On the Record: Abstract ideas versus concrete experience on marriage

On the Record: Abstract ideas versus concrete experience on marriage

Recently, Pope Francis concluded a two-year synod, a gathering of bishops, on the topic of contemporary family life. The stand-your-ground conservatives contended with the charge-ahead liberals.

Those who upheld the abstract essence of marriage and those who wanted to change it occasionally hurled accusations at one another, including the charge of heresy. At the end, under Pope Francis’s nudging, both sides lost, but without losing face.

Instead, the pastoral approach won. Pastors and the people in their parishes got a yellow light: proceed, but with caution. A pastoral approach starts with the messy lives of people before imposing abstract ideas. Let me explain through two scenarios.

Jack and Judy get married. They vow to give themselves totally, without reserve, in everything they do, for the rest of their lives. They are open to have as many children as God will give them. They will be happy and fulfilled by their love for one another, for their families, friends, church, all other people, and above all God. This beautiful picture is Pope John Paul II’s abstract idea of marriage.

Mike and Mary have been living together for sometime. Mary gets pregnant, and they decide to get married for the sake of their child. Nominal Catholics, they persuade a priest to marry them. In the year after the wedding, life goes from good to bad to worse. They divorce. Mary meets Bob, falls in love, and the two get married in a secular ceremony. Mary and Bob have many more ups than downs in their marriage, and they find weekly church really helps them. That is the pointilist picture Pope Francis has when he thinks of marriage.

For John Paul II, anything less than perfect is sinful. Any reservation in total self-giving in sexual activity means that there is absolutely no love involved.

For Francis, everything we do is less than perfect, and that is why God’s mercy is so important. He follows Jesus who said that the perfect did not need him. Rather, Jesus came to open God’s arms to the imperfect.

For John Paul, the message is that abstract truth comes before love, so “Get your life in order, and then come join us for communion.” He is right that people need to know what marriage is before they can intelligently make their marriage vows.

For Francis, the pastoral message is that love often comes before abstract truth, so, “Come join us, and we’ll figure out some sort of path to marital sainthood.”

It has often been said that the best is the enemy of the good.
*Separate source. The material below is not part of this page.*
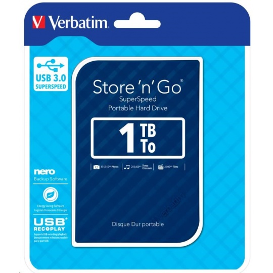 VERBATIM HDD 2.5" 1TB Store 'n' Go Portable Hard Drive USB 3.0, Blue Special Features: Colours available: Black, Silver, White, Red & Blue Capacities available: 500GB, 1TB & 2TB High speed, high capacity storage. A fast & safe solution to expand storage or backup files USB 3.0 SuperSpeed - for ultra fast data transfer Nero Backup Software Energy Saving Software USB REC & PLAY* - supports USB recording/ playback 2 year limited warranty** System requirements: PC or Mac with USB 3.0 Windows XP / Vista / Windows 7 & 8 Mac OS X 10.4 or higher Pack Contents: Portable Hard Drive / USB 3.0 Cable / Nero Backup Software / Green Button Energy Saving Software / Verbatim Formatter / Quick Start Guide / User Guide (pre-loaded on the drive).
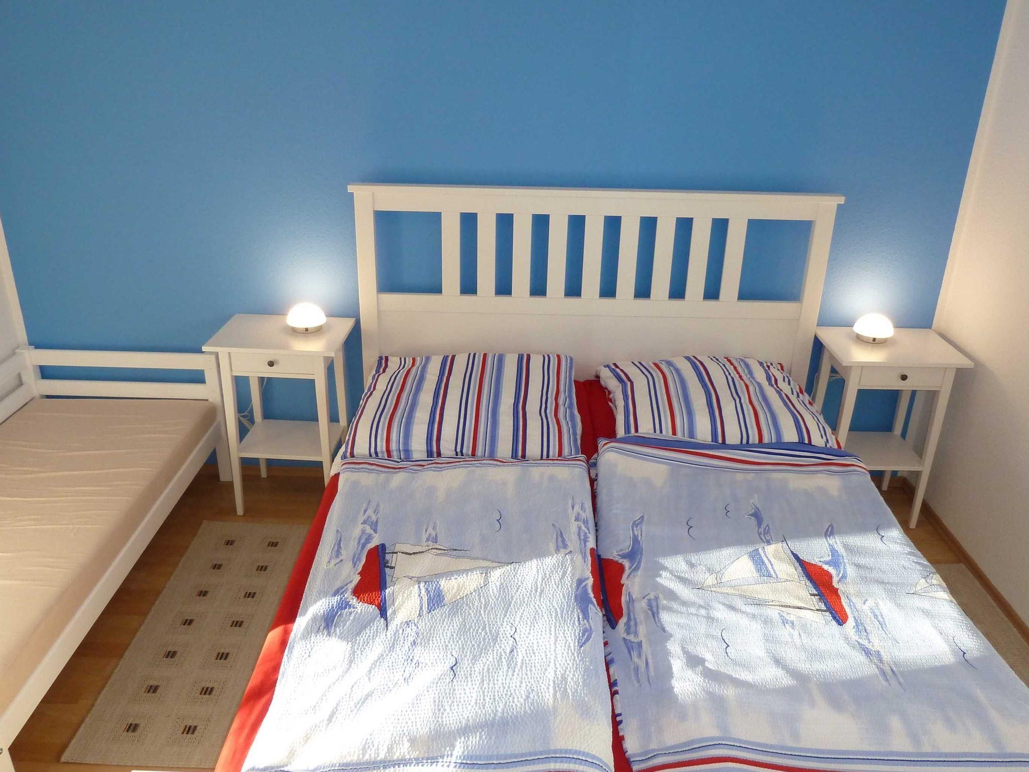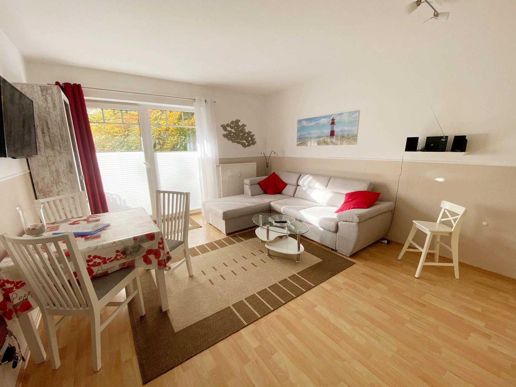 Nur 350m vom Strand entfernt liegt diese gemütlich und modern eingerichtete 2-Raum-Wohnung im 1. Obergeschoss mit ca. 48 m² Wohnfläche und einem sonnigen Südbalkon. Die sehr helle- und familienfreundliche Wohnung kann mit bis zu 4 Personen (max. 3 Erw. + 1 Kleinkind) genutzt werden. Ein separates Schlafzimmer und eine 1,30x2,15 m große Schlafcouch, bieten Platz für 4 Erwachsene. Praktisch erreichbar befindet sich vor dem Objekt ein abschließbarer Außenabstellraum, der Platz für Fahrräder o. ä. bietet. Sie können auch die zwei 28er Citybikes nutzen, diese stehen Ihnen kostenfrei zur Verfügung. Der Wohnung ist ein kostenloser Stellplatz Nr. 17 zugeordnet. WLAN steht Ihnen ebenso kostenlos zu Verfügung.

The abstract concept of marriage can be the enemy of actual marriages.

In John Paul II’s abstract view, Mary and Bob are not married, even though their experience is that they are really married. In the abstract, they are adulterers, and so spiritual food must be indigestible. In their experience, they, like the rest of us, have “good enough” lives. They need to be fed, not denied, spiritual bread.

The final document of the synod of bishops does not take the abstract approach of John Paul. Francis moved the synod to say, in effect, about this or that divorced and remarried couple, “Who am I to judge?” As a result, the synod decreed simply that it is up to the people who live in this messy world to sincerely figure out what will foster their holiness.